Kurdish parties warned Wednesday that they might bolt Iraq's new government if Shiites gain too much power. In another challenge to the interim administration, saboteurs blew up an oil pipeline, forcing a 10 percent cut in electricity output.

Kurdish fears of Shiite domination rose after the Americans and British turned down their request to have a reference to the interim constitution — which enshrines Kurdish federalism — included in the U.N. resolution approved Tuesday.

The country's most prominent Shiite leader, Grand Ayatollah Ali al-Husseini al-Sistani, warned he would not accept mention of the interim charter in the resolution. Shiites oppose parts of the charter that give Kurds a veto over a permanent constitution due to be drawn up next year.

Meanwhile, clashes persisted Wednesday around Fallujah, a rebellious Sunni Muslim city west of Baghdad. Four members of an Iraqi force given control of the city last April were wounded when a mortar round exploded.

In other developments:

  • The U.N. Security Council unanimously endorsed a U.S. resolution backing the transfer of sovereignty to Iraq's new government. President Bush hailed the measure as a "catalyst for change" in the Middle East
  • Democratic senators say Justice Department memos contending that a wartime president is not bound by anti-torture principles could have laid the legal groundwork for the prisoner abuses that took place in Iraq and elsewhere.
  • Three Italian men who were held by kidnappers for two months in Iraq returned home Wednesday to a joyous welcome at a Rome airport, with the first to step off the plane racing to kiss an Italian flag. In a bloodless commando raid on Baghdad's outskirts, coalition forces Tuesday freed three the Italians and a Polish businessman who was kidnapped last week, according to military and government officials.
  • Attackers fired three mortar rounds Wednesday at a local office of Iraq's coalition authorities in a southern town in Iraq, a British military spokesman here said. There were no casualties. The attack occurred in an area under the control of some 8,000 British troops.

    The pipeline attack appeared to be part of an insurgent campaign against infrastructure to shake confidence in the new government, due to take power on June 30.

    The blast occurred about 9:30 a.m. near Beiji, 155 miles north of Baghdad, said Col. Sarhat Qadir of the Kirkuk police. Huge fireballs rose into the air, witnesses said.

    Oil Ministry spokesman Assem Jihad told Dow Jones Newswires that the attack would not affect exports from the northern oil fields. However, the blast cut supplies to the Beiji electric power station, forcing a reduction of 400 megawatts in power generation, Jihad said.

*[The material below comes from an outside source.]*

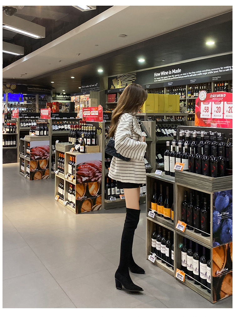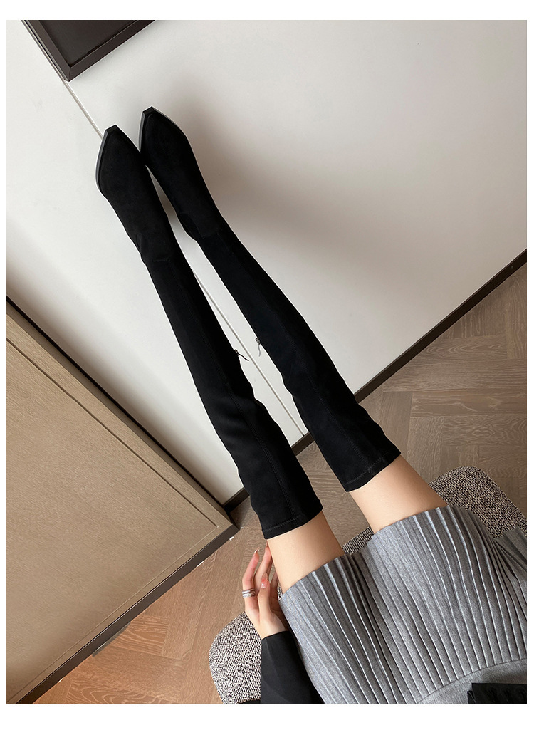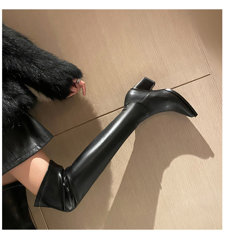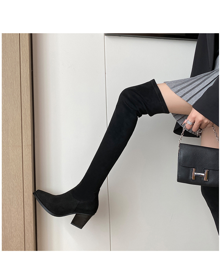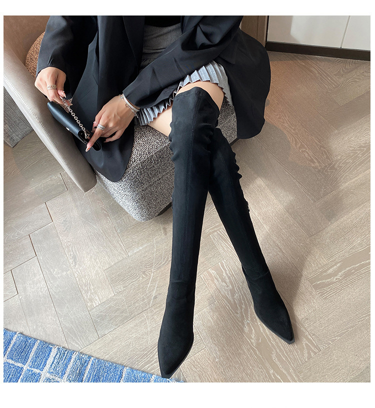블랙 오버 더 무릎 부츠 여성용 하이힐 통통녀 특허 가죽 두꺼운 다리 포인트 발가락 대형 튜브 스웨이드 부츠스토어 가기

    Iraq now produces around 4,000 megawatts. Power cuts in the country have now reached more than 16 hours a day, making it difficult to cope with soaring heat, which is already more than 100 degrees.

    The U.S.-run coalition had made its ability to guarantee adequate electricity supplies a benchmark of success in restoring normalcy to Iraq. However, sabotage and frayed infrastructure have impeded efforts to eliminate power outages, especially in the capital.

    Coalition officials fear that insurgents may step up attacks on infrastructure targets to undermine public confidence both in the U.S. occupation authority and the new regime.

    Both major Kurdish parties — the Kurdistan Democratic Party and the Patriotic Union of Kurdistan — conferred Wednesday to consider a response to the decision not to refer to the interim constitution in the U.N. resolution. The interim charter, adopted in March, affirms the principle of federalism and gave the Kurds an effective veto over the permanent constitution to be drafted next year.

    Kurds fear that the interim constitution, which the Americans hailed as the most progressive in the Middle East, will be sidelined once the occupation ends and the Shiite clergy gains ascendancy.

    The Kurds have been running their own autonomous mini-state since 1991, and many Kurds would prefer their own independent country.

    At the United Nations, Secretary-General Kofi Annan sought to reassure the Kurds, saying that while the resolution doesn't refer to the constitution, it "does have language that refers to a united federal democratic Iraq."

    Diplomats said reference to the interim constitution was omitted because of opposition by al-Sistani. Shiites are believed to compromise about 60 percent of Iraq's 25 million while Kurds number around 15 percent.

    In a statement addressed to the U.N. Security Council earlier this week, al-Sistani warned that mentioning the interim charter in the resolution would be "an act against the will of the Iraqi people and will have dangerous results."

    He denounced the charter, saying it was "put in place by an unelected council, under the shadow of occupation" — referring to the U.S.-picked Governing Council that approved it.

    Iraq's Foreign Minister Hoshyar Zebari, the first Kurd to hold the post, said he had lobbied unsuccessfully for an acknowledgment of the charter during his meetings at the Security Council last week.

    But he said he was satisfied that the "spirit" of the charter was in the final resolution.

    Still, Kurdish leaders in Iraq were unconvinced.

    "Now our future is ambiguous," said Nesreen Berwari, a Kurdish member of the interim government. "The interim constitution would have been the clear and bright roadmap to the all components of the Iraqi people."

    Berwari said she would resign if asked to do so by the Kurdish leadership.

    "Until now, we have not called for a separate Kurdistan, but if the Kurds' rights are not recognized, then we will take political measures that serve the interests of the Kurdish people," said Mulaha Bekhtiyar of the PUK. "For the time being, we will commit to a united Iraq."

    Bekhtiyar said that the Kurds would not agree to the Shiites having the "lion's share" of any government.

    Political infighting occurs as the new government and its coalition allies struggle to improve security — the most important problem facing a sovereign Iraq.